Nirel memberikan tekanan dalam genggamannya, membungkam apa pun yang akan dikatakan oleh sang istri lagi. Pandangannya beralih menatap sang putri yang duduk di seberang meja, memberikan satu anggukan dan berkata dengan suara rendah. “Baiklah. Kami akan pergi.”

Aleta hanya bisa menatap kepergian Nirel dan Monica dengan emosi Leon yang masih jauh dari kata baik. Bahkan papanya pun tak berkutik dengan titah seorang Leon. Sikap Leon pada papanya pun jauh berbeda dengan sebelumnya yang selalu penuh dengan hormat.

“Kau ingin pergi?” Leon yang pertama kali memecah kesunyian di antara keduanya.

Aleta menelan ludahnya.

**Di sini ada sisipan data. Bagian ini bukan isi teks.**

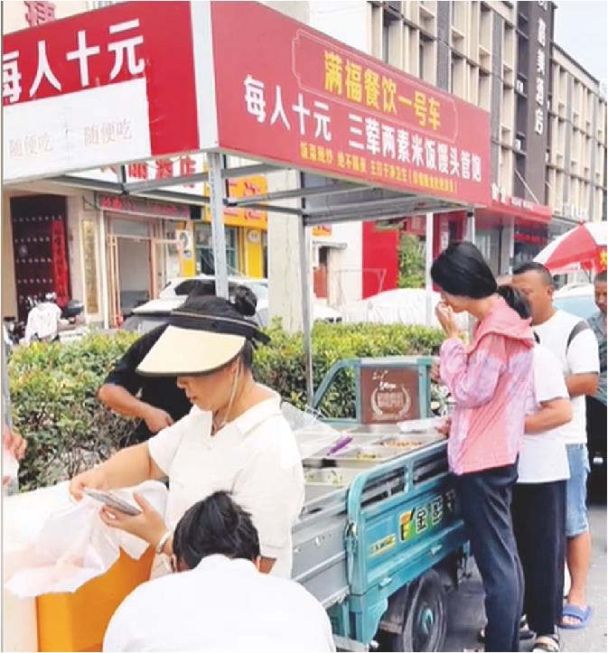 每到中午11点,山东第一医科大学附属肿瘤医院门口,一辆灰蓝色的三轮车便会准时载着“满福餐饮一号车”红色顶棚和热腾腾的饭菜开来,最引人注目的是“每人十元,三荤两素米饭馒头管饱”的标语。
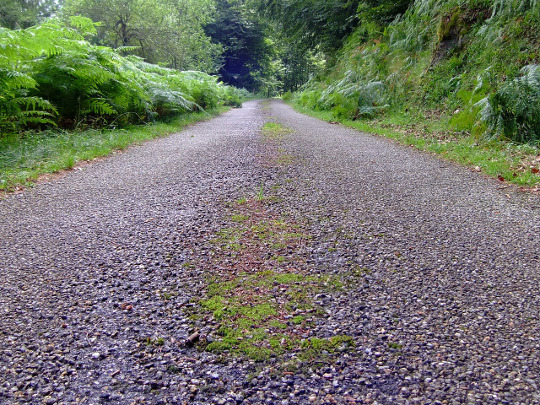 Wobei die ganze Rampe eigentlich nur eine Spur breit ist, aber für gewöhnlich passen auf dem Rest der Strecke alle vier Reifen eines Autos gleichzeitig auf den Asphalt. Der über viele Kilometer von einer Gras- oder Moosschicht verziert wird, was gewiss eine seltene Angelegenheit ist.
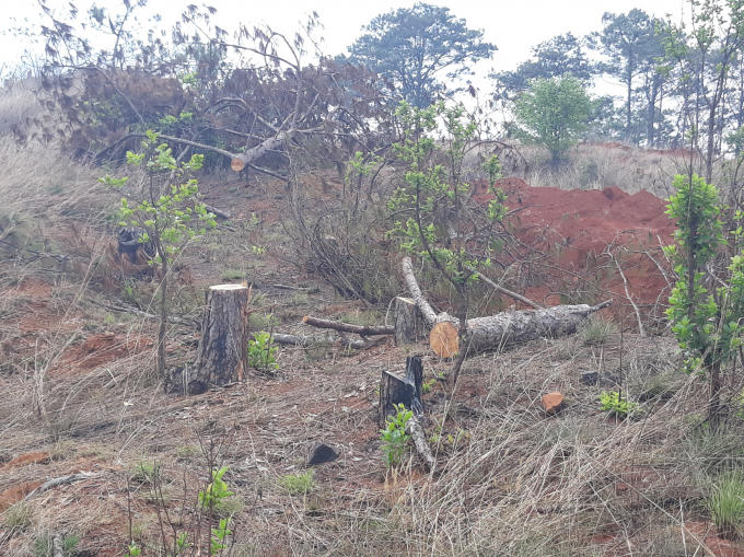 Cụ thể, khi đi đến địa phận xã Nâm N’Jang, chúng tôi phát hiện vụ phá rừng mới nhất, nằm sát quốc lộ 14, khoảng 11 gốc Thông, có đường kính từ 30 đến 50 cm đã bị đốn hạ. Những gốc thông còn rõ vết cưa, cành nhánh đang còn văng vãi khắp cả khu vực. Không những thế, bên trong có có dấu hiệu lấn chiếm đất lâm nghiệp để làm nhà ở tạm, hàng quán hay san lấp mặt bằng.
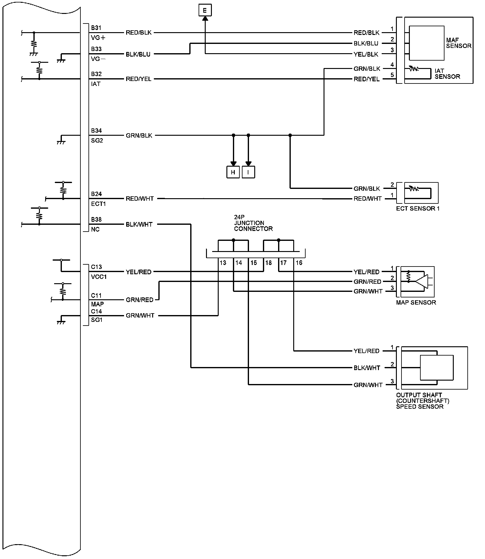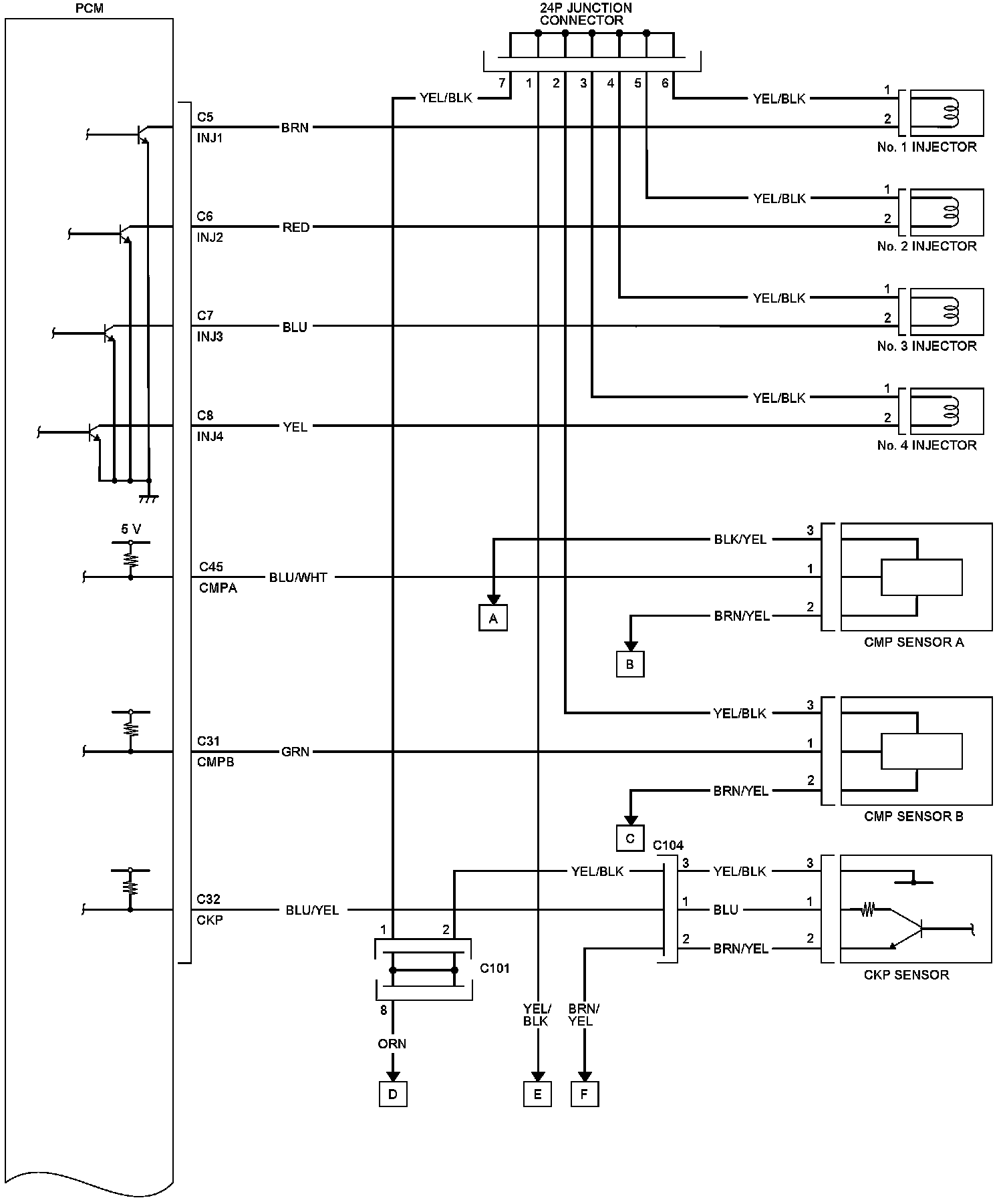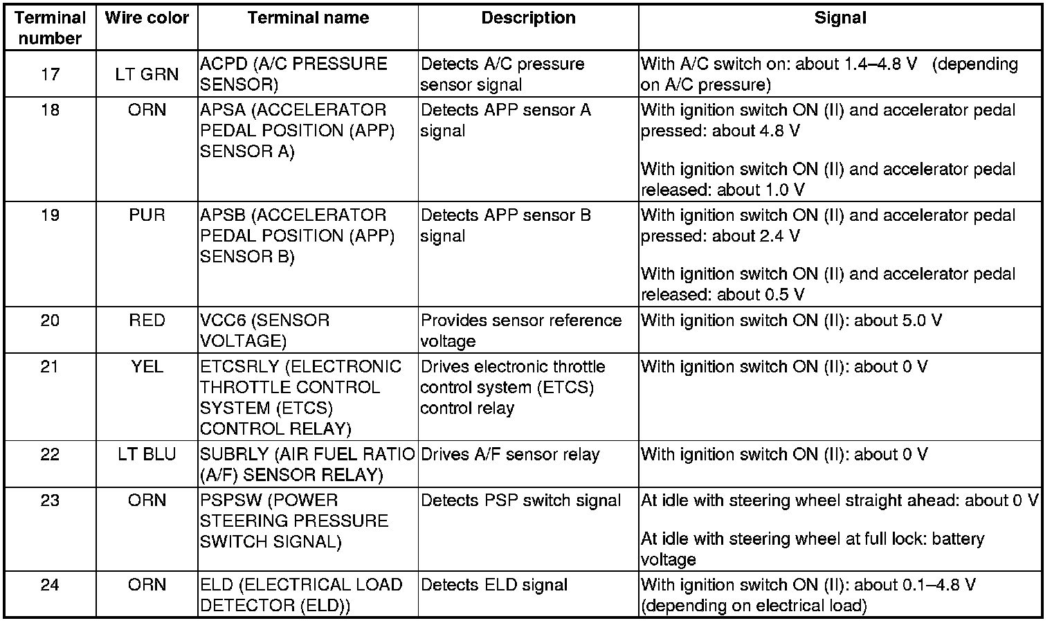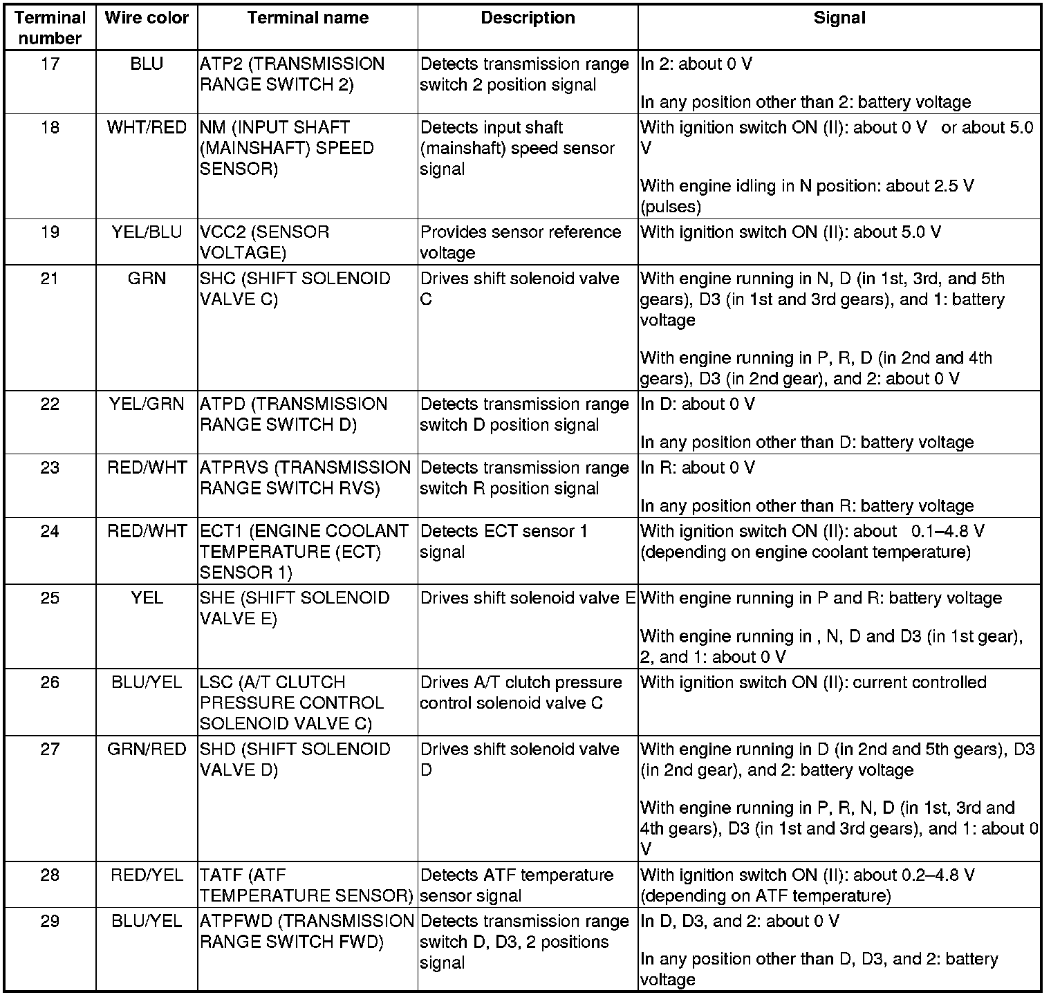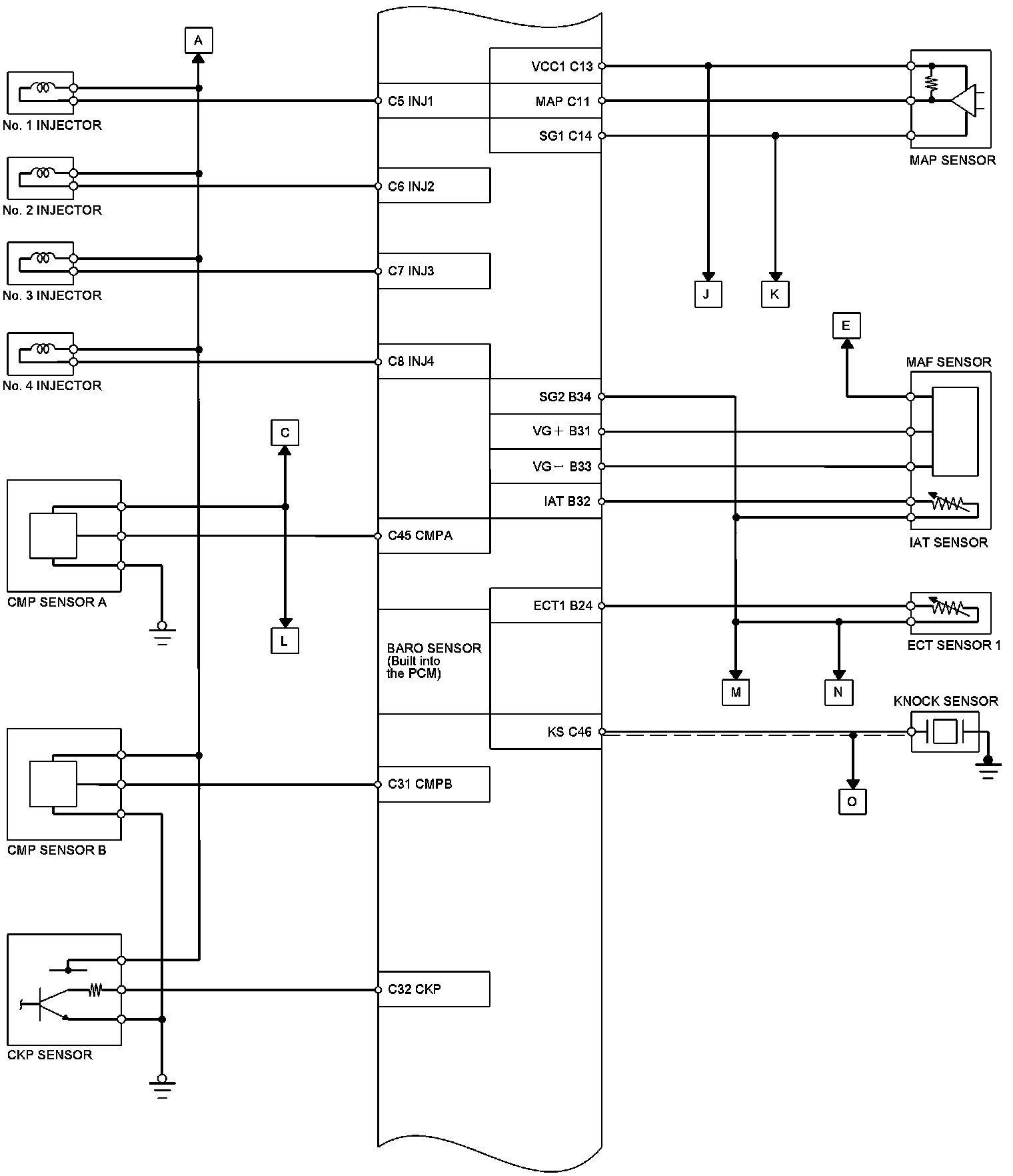 PCM Inputs and Outputs at PCM Connector C ((circle)) (49P)
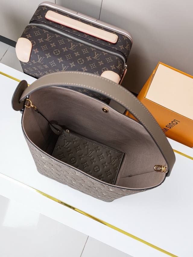Factory Price. Top-quality original leather, top-grade original single item with complete boutique packaging, dynamic chip M25823, grey-brown top-grade original single item, real photos taken against a background. This all-in handbag is made of Monogram cowhide leather with shiny metal hardware, showcasing classic style with the iconic padlock and brand name. The adjustable shoulder strap continues the brand's trunk-making heritage, and the leather shoulder strap adds crossbody and shoulder carrying options. The foldable design allows for flexible shaping, and the ample space makes it a great choice for everyday use. 30.0 X 25.0 X 17.0 cm (Length X Height X Width)
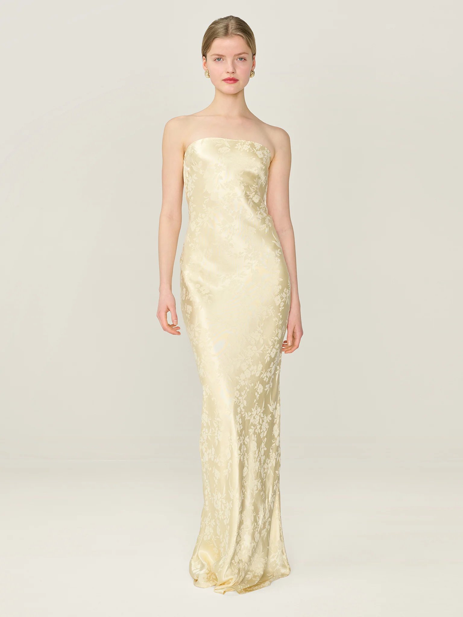 Simple, strapless, stunning; the Amdra is all that and more. Crafted from a LENZINGª ECOVEROª Viscose blend in a gorgeous butter yellow floral jacquard, she's fitted throughout to enhance the elegance of your figure. Designed to sit within our wedding edit, she would make a great bridesmaid dress whether you're sticking to a theme or mixing and matching across colours and silhouettes.
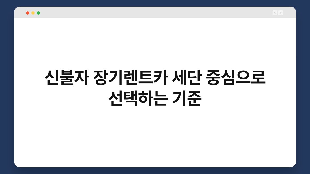 차량을 소유하고 싶지만 신용 문제로 고민하는 분들, 특히 신불자분들에게 장기렌트카는 훌륭한 대안이 될 수 있습니다. 세단 중심으로 선택하는 기준에 대해 알아보면, 더욱 현명한 결정을 할 수 있을 것입니다. 황제오토플랜은 이러한 장기렌트카 선택에 도움을 줄 수 있는 믿음직한 파트너입니다. 이 글에서는 신불자를 위한 장기렌트카 선택 시 고려해야 할 요소들을 살펴보겠습니다. 함께 읽어보시죠!
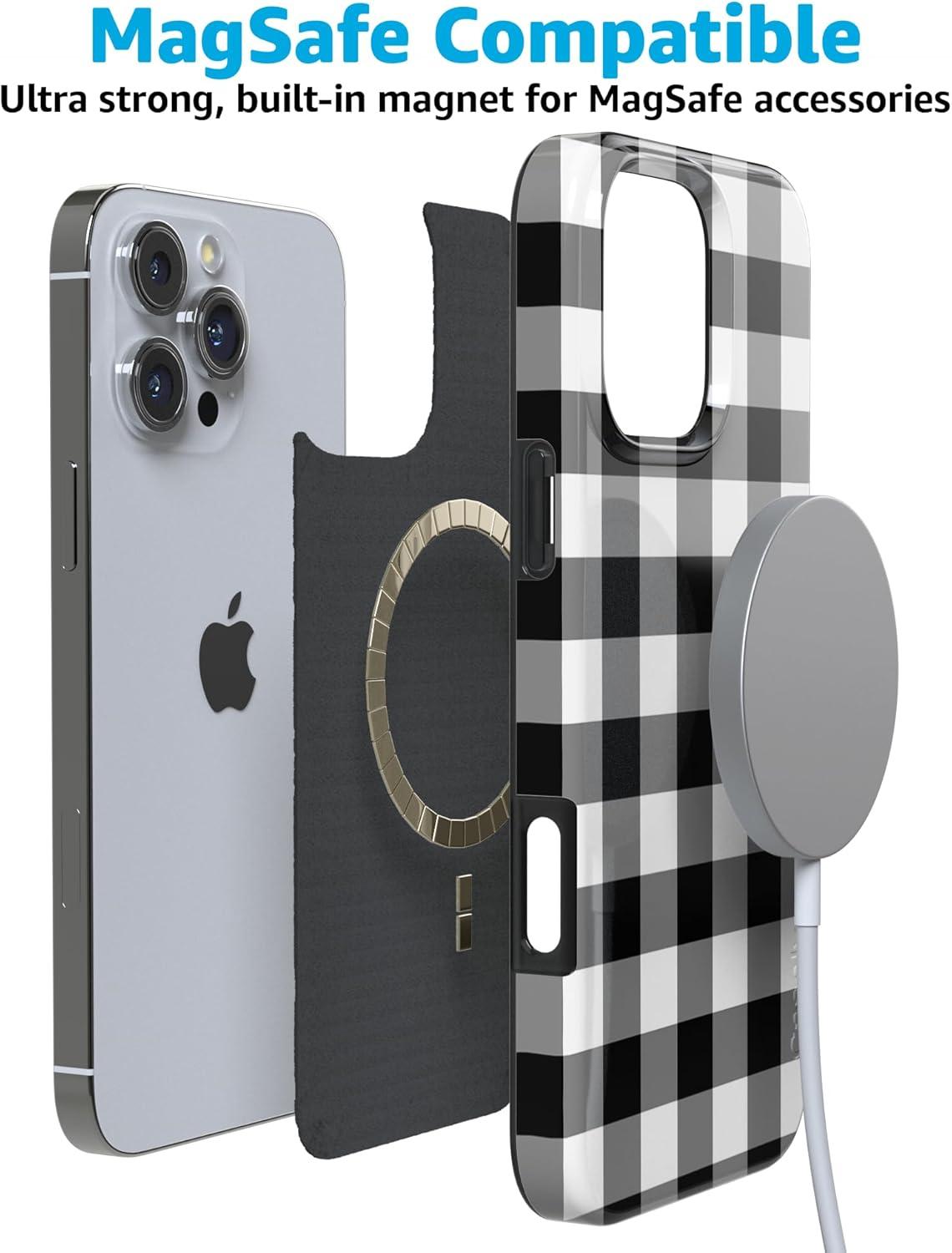 Casely iPhone 16 Pro Case | Moody Monochrome | Bordeaux Rose | Compatible with MagSafe | Classic Ultra Thin Design(Check Me Out | Checkerboard)
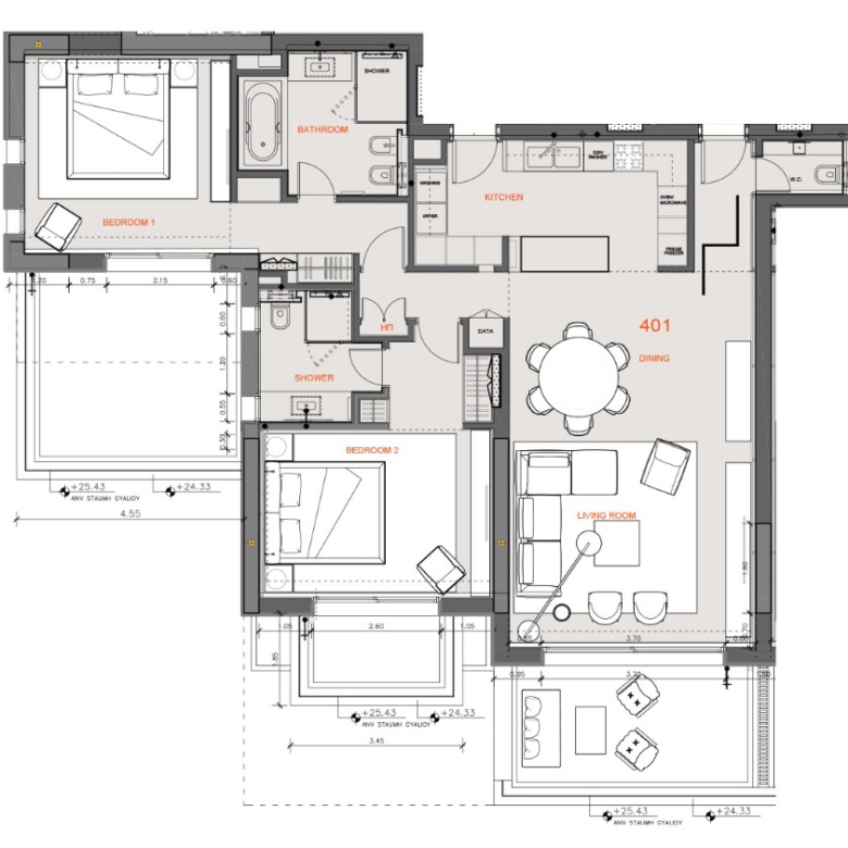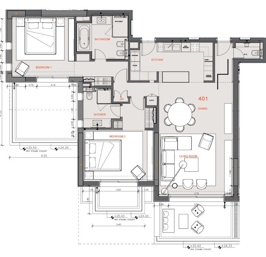 These luxury two-bedroom apartments feature two spacious bedrooms and bathrooms and a large, light-filled kitchen and living area flanked by floor-to-ceiling windows.A bright and airy interior space is illuminated by an abundance of natural light that streams in from the windows, while the view of the Mediterranean Sea beyond brings breezy island life straight into your home. The skillfully designed apartment features an interior where warm wood and muted tones dominate, making it pleasing to the eye, and ultimately comfortable and highly functional.There is a free flow of movement across the open-plan living areas, creating a feeling of constant connection that is accented by the generous balconies that extend out and overlook the horizon. In this way, the beautiful outdoors is never out of sight.
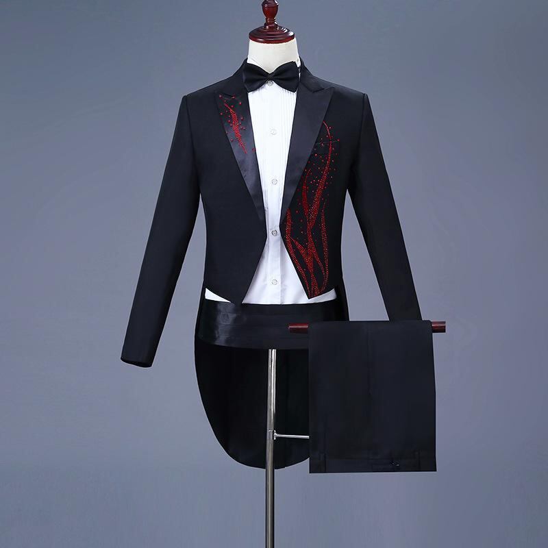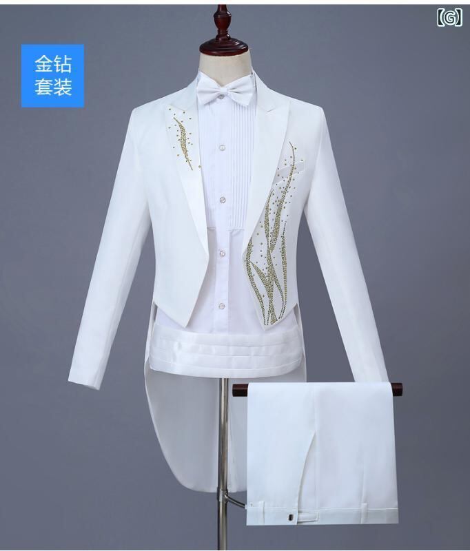 タキシード メンズ 男性用 海藻風 カラーラインストーン ステージ衣装 演奏会 発表会 舞台 マジシャン 声楽家 指揮者 フォーマル 礼装 タキシード セットアップ

Bisa merasakan kalau pertanyaan menjebak Leon sengaja untuk menyudutkannya. Kepalanya bergerak menghadap pria itu dengan perlahan. Langsung terkunci oleh tatapan menelisik pria itu. 

“Kau tak akan mengijinkanku meski aku ingin pergi, kan? Kenapa selalu mempertanyakan hal yang sudah pasti? Pendapatku jelas tak lebih penting dari keputusanmu, Leon.” Suara Aleta keluar dengan penuh ketenangan, pun begitu sindiran yang terselip sama sekali tak tertutupi.

Leon terkekeh. “Kalau begitu bersiaplah.”

Mata Aleta terbeliak terkejut sekaligus terheran. “A-apa?”

Seringai Leon lebih tinggi. “Tidak seperti yang kau pikirkan, istriku. Kita akan membuat acara sendiri. Hanya kita berdua.”